» **WORK TASK**: Every line of the material is to be quoted verbatim, minus the pictures.

DATA SECTION START

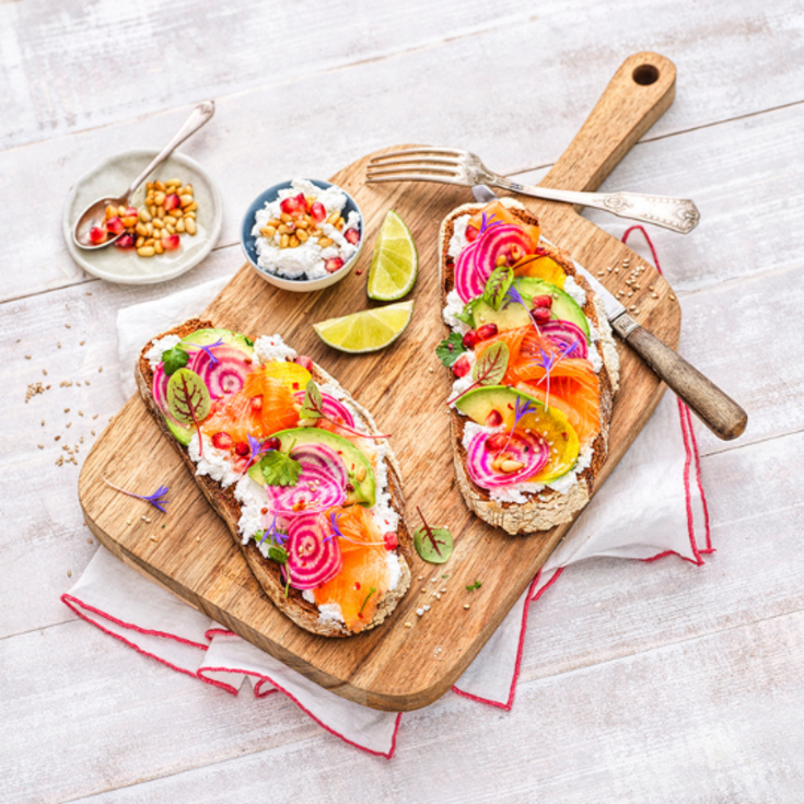 Tartinez-les généreusement de Fouetté de chèvre, disposez-y harmonieusement les tranches de saumon fumé, la betterave et l’avocat.
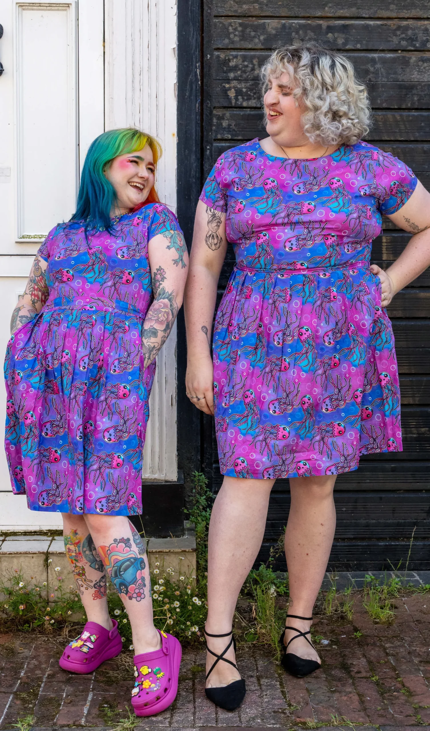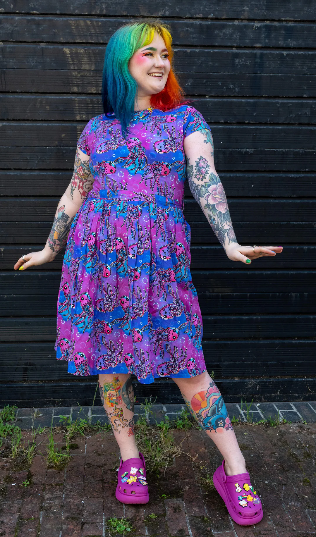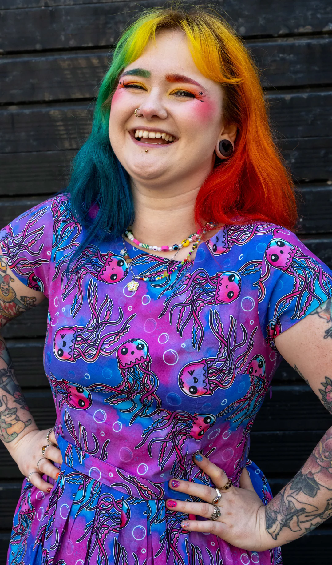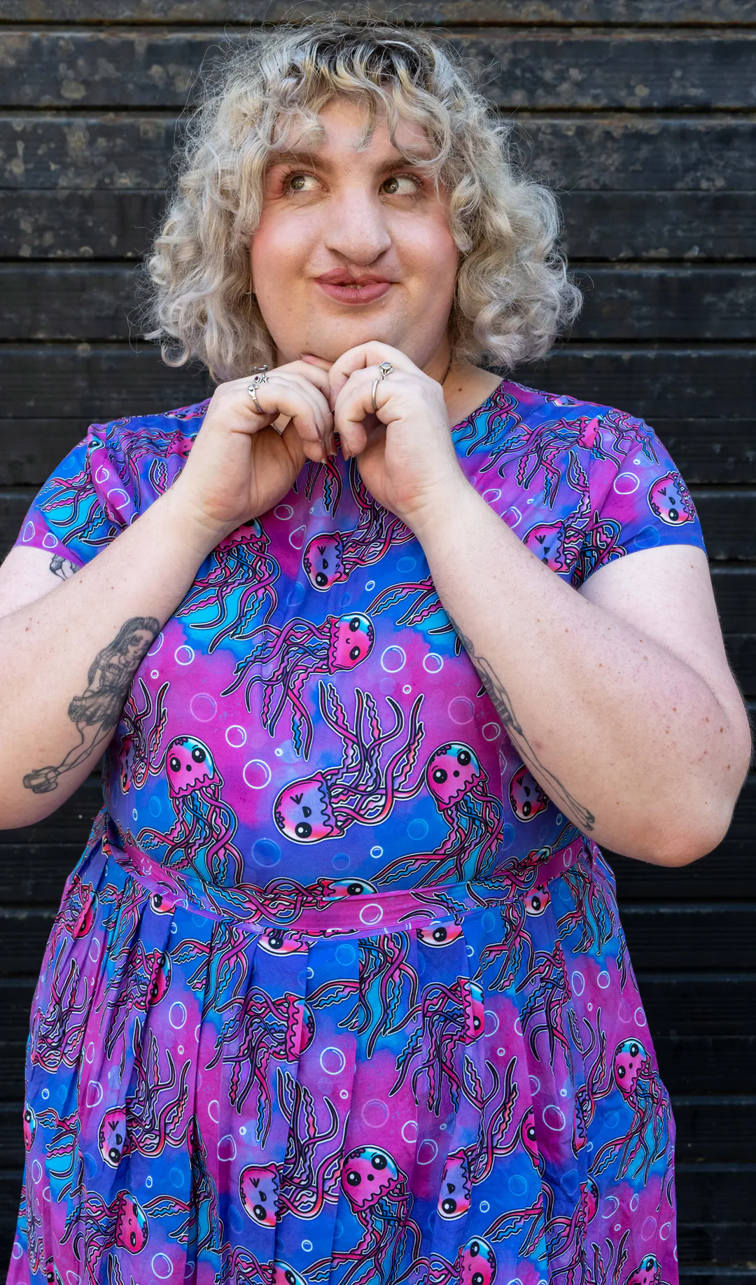 Jazz up your wardrobe with this Jellyfish Stretch Belted Tea Dress! The unique jellyfish print adds a playful touch to this classic tea dress. And with pockets and a stretchy material, it’s as practical as it is stylish. Say goodbye to boring dresses and hello to this quirky gem!
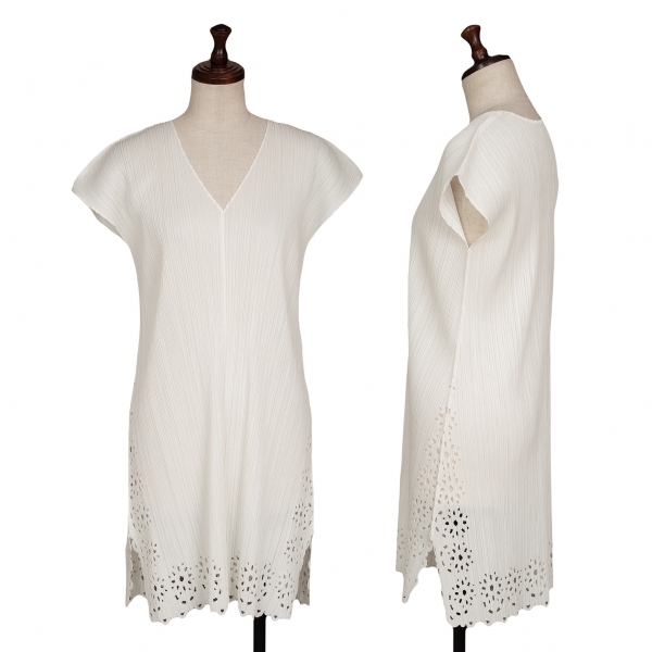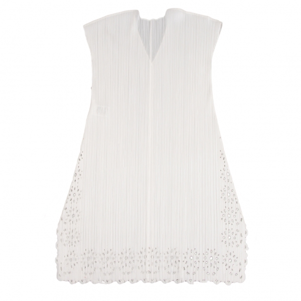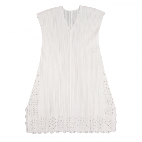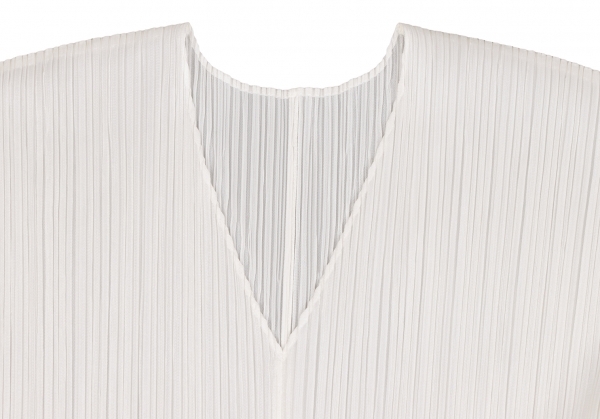 プリーツプリーズPLEATS PLEASE プリーツカッティングデザインVネックノースリーブチュニック オフホワイト3 |

DATA SECTION END

» **TASK RESPONSE**:
 Tartinez-les généreusement de Fouetté de chèvre, disposez-y harmonieusement les tranches de saumon fumé, la betterave et l’avocat.
 Jazz up your wardrobe with this Jellyfish Stretch Belted Tea Dress! The unique jellyfish print adds a playful touch to this classic tea dress. And with pockets and a stretchy material, it’s as practical as it is stylish. Say goodbye to boring dresses and hello to this quirky gem!
 プリーツプリーズPLEATS PLEASE プリーツカッティングデザインVネックノースリーブチュニック オフホワイト3 |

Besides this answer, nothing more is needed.